* _Information_
================

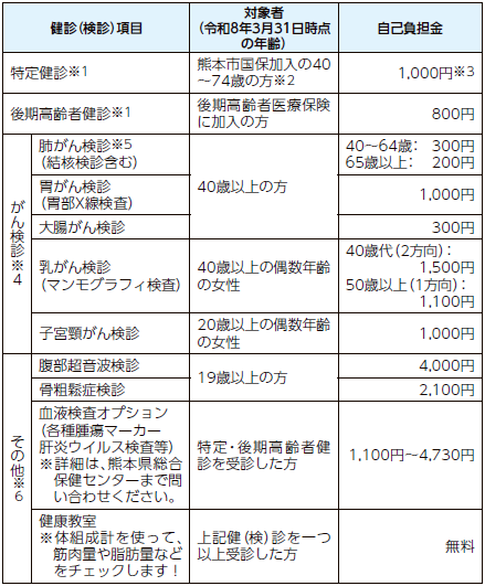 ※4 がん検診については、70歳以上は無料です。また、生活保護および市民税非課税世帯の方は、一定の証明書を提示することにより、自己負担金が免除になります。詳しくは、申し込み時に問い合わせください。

================

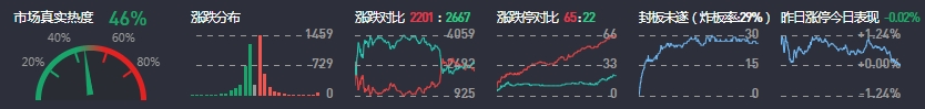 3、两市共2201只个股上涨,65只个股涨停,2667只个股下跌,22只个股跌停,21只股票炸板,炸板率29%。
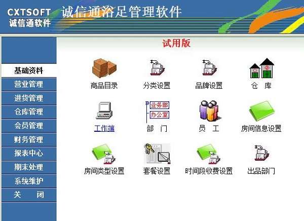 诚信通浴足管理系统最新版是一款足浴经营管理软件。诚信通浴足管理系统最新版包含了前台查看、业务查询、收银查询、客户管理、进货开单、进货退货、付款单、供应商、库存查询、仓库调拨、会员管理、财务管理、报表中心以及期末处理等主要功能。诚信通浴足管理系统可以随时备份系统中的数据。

================

* _Task brief_
Using the data above, give again exactly the lines starting at the one holding "3、两市共2201只个股上涨" and ending at the one holding "诚信通浴足管理系统最新版是一", inclusive, and nothing more. Omit the pictures.

* _Output for this exercise_
 3、两市共2201只个股上涨,65只个股涨停,2667只个股下跌,22只个股跌停,21只股票炸板,炸板率29%。
 诚信通浴足管理系统最新版是一款足浴经营管理软件。诚信通浴足管理系统最新版包含了前台查看、业务查询、收银查询、客户管理、进货开单、进货退货、付款单、供应商、库存查询、仓库调拨、会员管理、财务管理、报表中心以及期末处理等主要功能。诚信通浴足管理系统可以随时备份系统中的数据。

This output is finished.